Provided records:
• • • •

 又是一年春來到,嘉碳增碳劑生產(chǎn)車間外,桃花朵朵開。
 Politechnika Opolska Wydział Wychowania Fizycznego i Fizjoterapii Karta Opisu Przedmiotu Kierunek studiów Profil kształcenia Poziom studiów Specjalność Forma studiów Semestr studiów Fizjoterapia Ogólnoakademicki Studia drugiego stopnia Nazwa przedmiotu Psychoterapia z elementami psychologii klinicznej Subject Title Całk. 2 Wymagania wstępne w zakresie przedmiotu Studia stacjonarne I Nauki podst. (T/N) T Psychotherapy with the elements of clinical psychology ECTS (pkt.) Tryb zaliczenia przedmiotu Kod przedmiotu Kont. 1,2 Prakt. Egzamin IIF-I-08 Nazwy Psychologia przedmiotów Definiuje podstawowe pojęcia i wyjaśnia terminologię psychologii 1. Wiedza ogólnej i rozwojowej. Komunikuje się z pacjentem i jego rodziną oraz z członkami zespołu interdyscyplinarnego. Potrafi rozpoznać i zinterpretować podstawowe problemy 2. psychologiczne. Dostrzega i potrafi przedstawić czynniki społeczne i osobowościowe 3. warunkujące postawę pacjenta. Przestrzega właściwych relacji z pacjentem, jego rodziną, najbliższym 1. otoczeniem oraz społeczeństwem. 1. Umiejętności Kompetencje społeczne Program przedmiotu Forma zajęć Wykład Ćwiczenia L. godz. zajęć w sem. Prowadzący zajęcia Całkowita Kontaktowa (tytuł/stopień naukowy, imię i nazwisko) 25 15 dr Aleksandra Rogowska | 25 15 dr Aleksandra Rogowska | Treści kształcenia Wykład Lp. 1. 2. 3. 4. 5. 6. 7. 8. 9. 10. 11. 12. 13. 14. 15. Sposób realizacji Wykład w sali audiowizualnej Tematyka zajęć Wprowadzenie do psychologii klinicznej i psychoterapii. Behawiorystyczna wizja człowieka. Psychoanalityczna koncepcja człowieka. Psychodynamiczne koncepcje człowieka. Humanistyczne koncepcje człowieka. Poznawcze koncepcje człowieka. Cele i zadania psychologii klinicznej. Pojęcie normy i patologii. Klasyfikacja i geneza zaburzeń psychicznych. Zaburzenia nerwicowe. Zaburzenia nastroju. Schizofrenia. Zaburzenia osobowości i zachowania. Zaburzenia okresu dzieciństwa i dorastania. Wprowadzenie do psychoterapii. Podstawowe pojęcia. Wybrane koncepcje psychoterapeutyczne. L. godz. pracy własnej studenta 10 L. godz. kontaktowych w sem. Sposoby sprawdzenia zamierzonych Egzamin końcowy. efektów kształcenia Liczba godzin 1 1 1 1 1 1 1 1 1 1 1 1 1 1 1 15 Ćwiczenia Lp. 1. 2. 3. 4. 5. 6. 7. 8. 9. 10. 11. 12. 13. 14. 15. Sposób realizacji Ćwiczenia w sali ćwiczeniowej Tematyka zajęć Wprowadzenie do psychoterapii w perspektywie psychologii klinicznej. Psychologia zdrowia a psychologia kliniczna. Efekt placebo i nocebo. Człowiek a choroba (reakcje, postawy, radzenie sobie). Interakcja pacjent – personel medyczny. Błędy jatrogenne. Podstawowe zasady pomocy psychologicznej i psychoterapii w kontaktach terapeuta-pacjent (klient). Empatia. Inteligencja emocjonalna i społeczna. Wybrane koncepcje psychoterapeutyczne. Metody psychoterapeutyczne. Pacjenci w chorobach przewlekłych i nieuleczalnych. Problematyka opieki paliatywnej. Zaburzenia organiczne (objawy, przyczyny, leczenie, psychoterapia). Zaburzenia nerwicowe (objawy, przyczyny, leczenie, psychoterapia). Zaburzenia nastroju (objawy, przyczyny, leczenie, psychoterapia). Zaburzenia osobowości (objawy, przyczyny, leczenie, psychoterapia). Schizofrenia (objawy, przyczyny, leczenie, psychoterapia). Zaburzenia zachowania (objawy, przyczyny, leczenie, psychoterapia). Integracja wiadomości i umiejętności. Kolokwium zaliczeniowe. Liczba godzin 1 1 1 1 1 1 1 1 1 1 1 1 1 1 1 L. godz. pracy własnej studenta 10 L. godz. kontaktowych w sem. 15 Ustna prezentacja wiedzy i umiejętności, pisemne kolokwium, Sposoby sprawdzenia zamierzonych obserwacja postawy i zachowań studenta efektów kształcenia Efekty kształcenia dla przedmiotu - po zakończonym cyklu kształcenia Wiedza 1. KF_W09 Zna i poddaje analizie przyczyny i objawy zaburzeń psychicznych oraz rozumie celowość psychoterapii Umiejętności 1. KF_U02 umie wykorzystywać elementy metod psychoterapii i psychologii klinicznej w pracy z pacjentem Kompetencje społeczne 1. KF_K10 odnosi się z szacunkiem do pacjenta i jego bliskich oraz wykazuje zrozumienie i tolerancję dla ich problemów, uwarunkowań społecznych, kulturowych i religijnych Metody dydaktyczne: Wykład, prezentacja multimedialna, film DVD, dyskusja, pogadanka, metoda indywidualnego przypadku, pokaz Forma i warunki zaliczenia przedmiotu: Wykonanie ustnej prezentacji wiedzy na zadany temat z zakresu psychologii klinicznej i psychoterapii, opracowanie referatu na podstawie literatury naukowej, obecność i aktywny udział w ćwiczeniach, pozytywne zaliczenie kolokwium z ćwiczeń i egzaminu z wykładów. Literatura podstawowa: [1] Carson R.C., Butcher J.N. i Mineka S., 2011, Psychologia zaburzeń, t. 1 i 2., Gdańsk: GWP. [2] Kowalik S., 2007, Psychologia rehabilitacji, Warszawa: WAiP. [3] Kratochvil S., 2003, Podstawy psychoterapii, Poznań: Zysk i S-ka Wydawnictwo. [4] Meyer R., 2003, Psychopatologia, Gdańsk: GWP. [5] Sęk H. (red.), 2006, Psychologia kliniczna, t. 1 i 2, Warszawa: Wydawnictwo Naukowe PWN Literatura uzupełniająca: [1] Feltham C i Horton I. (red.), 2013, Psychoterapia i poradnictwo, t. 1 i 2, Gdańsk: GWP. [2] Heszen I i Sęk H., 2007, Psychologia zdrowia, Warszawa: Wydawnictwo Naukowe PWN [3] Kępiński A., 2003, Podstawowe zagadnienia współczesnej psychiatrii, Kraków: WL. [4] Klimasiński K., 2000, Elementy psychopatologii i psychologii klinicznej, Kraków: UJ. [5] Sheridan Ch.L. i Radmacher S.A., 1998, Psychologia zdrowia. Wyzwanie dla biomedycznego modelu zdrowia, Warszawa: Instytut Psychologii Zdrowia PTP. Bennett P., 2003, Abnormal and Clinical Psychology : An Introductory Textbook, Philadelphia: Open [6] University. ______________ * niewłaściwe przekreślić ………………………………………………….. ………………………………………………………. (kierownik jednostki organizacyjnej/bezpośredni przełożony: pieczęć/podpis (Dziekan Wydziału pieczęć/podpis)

• • • •

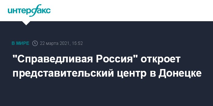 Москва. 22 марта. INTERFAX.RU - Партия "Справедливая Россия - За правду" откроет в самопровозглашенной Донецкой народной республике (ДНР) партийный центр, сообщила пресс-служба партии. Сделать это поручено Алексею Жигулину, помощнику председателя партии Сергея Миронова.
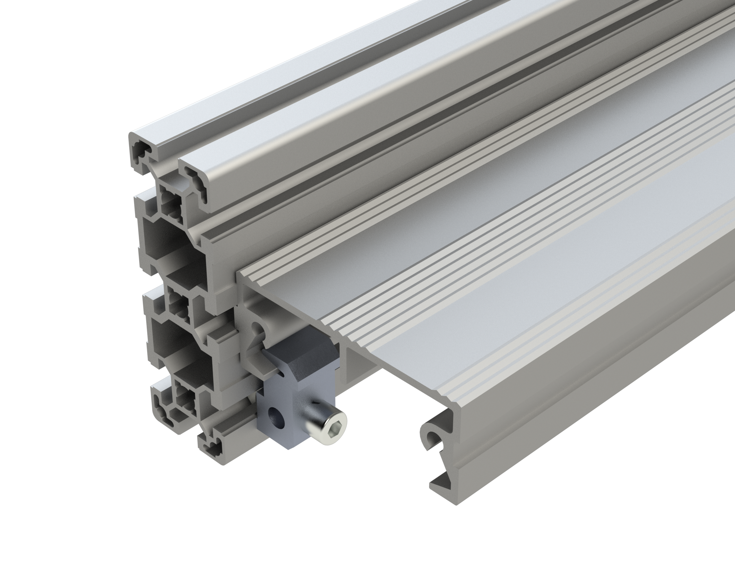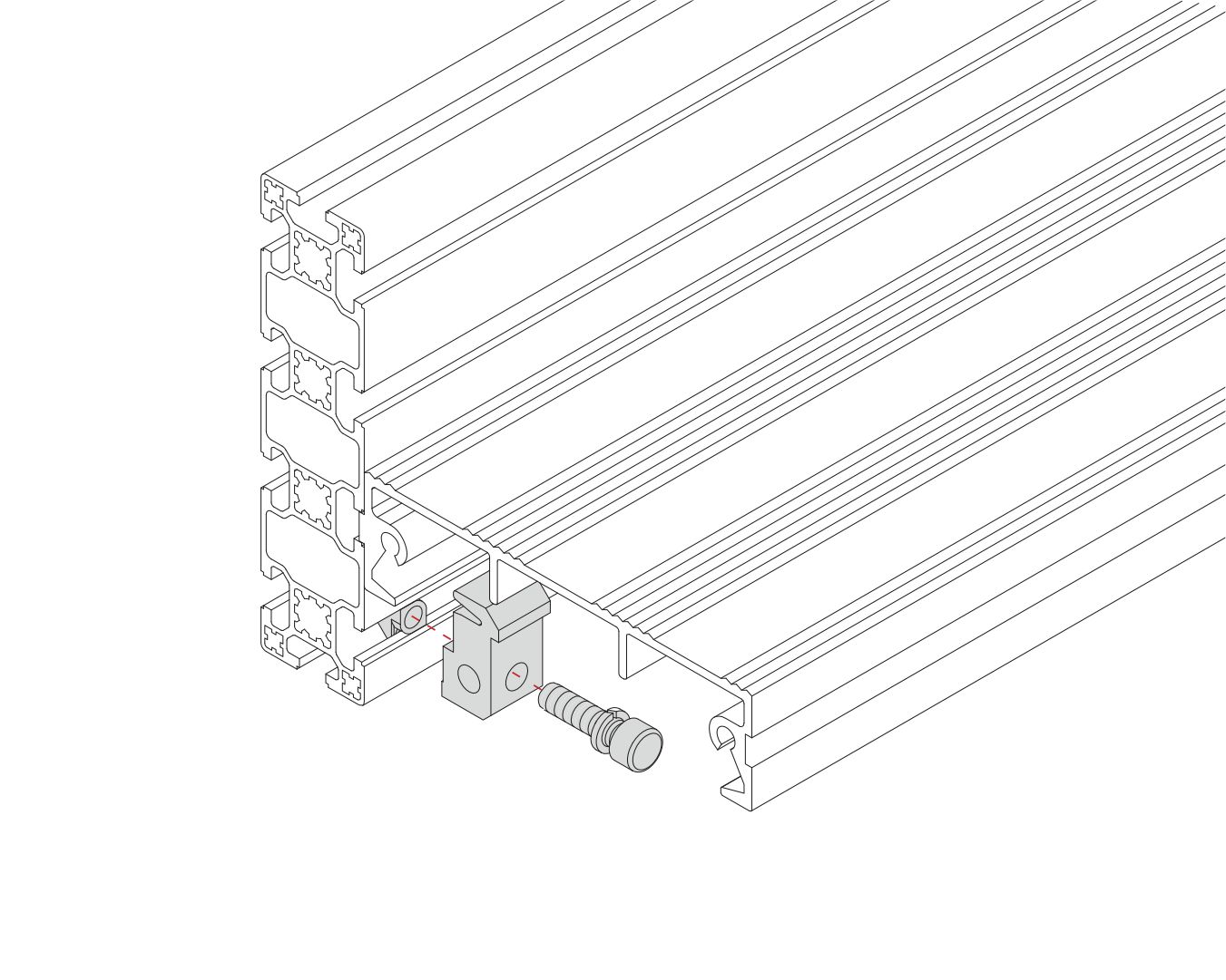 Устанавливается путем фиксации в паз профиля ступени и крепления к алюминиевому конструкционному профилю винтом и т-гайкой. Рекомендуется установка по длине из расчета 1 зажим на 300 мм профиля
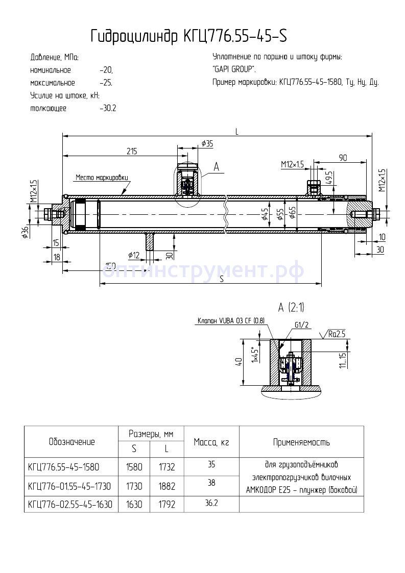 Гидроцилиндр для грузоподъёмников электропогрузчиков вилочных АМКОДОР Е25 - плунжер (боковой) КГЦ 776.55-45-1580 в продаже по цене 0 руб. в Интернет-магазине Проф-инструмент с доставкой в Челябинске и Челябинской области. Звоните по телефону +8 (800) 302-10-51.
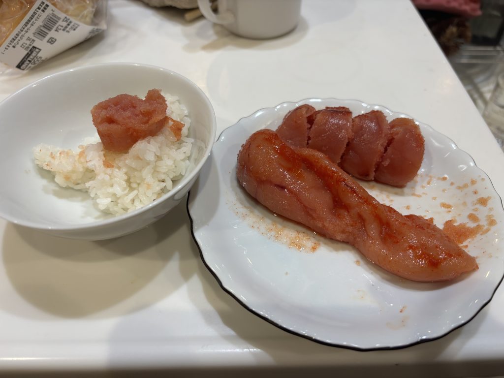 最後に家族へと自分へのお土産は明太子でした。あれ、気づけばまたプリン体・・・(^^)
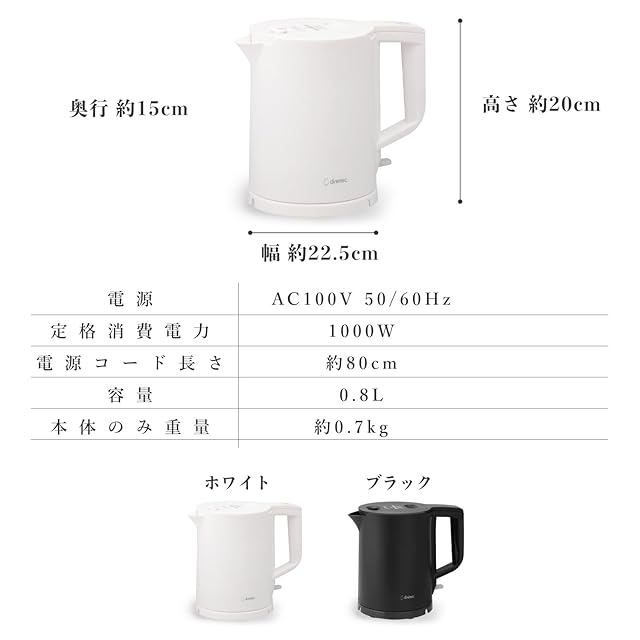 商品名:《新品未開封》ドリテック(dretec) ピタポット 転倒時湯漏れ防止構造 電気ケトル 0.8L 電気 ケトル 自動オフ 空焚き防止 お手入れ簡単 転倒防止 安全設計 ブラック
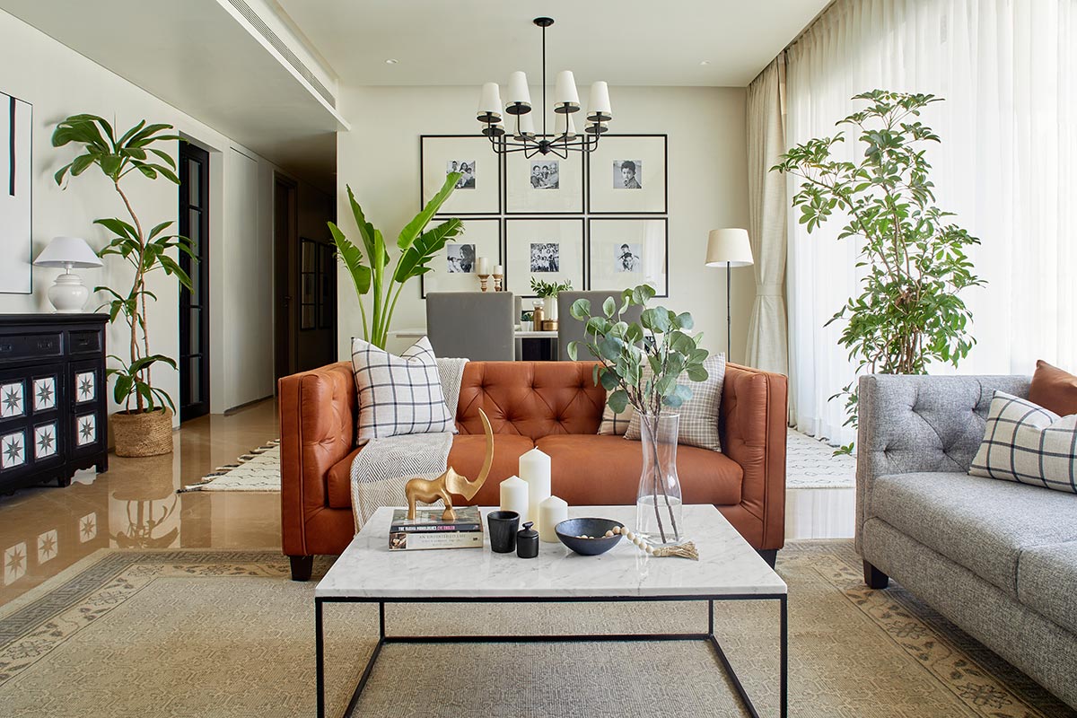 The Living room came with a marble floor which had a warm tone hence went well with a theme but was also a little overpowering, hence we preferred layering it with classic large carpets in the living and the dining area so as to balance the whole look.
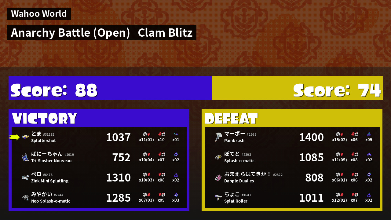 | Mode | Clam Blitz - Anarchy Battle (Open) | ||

• • • •

Task directions: All lines above starting at the one with "Устанавливается путем фиксации" and ending at the one with "商品名:《新品未開封》ドリテック(dretec) ピタポット 転倒時湯漏れ防止構造", inclusive, are to be printed again exactly, with the pictures left out.

Task output:
 Устанавливается путем фиксации в паз профиля ступени и крепления к алюминиевому конструкционному профилю винтом и т-гайкой. Рекомендуется установка по длине из расчета 1 зажим на 300 мм профиля
 Гидроцилиндр для грузоподъёмников электропогрузчиков вилочных АМКОДОР Е25 - плунжер (боковой) КГЦ 776.55-45-1580 в продаже по цене 0 руб. в Интернет-магазине Проф-инструмент с доставкой в Челябинске и Челябинской области. Звоните по телефону +8 (800) 302-10-51.
 最後に家族へと自分へのお土産は明太子でした。あれ、気づけばまたプリン体・・・(^^)
 商品名:《新品未開封》ドリテック(dretec) ピタポット 転倒時湯漏れ防止構造 電気ケトル 0.8L 電気 ケトル 自動オフ 空焚き防止 お手入れ簡単 転倒防止 安全設計 ブラック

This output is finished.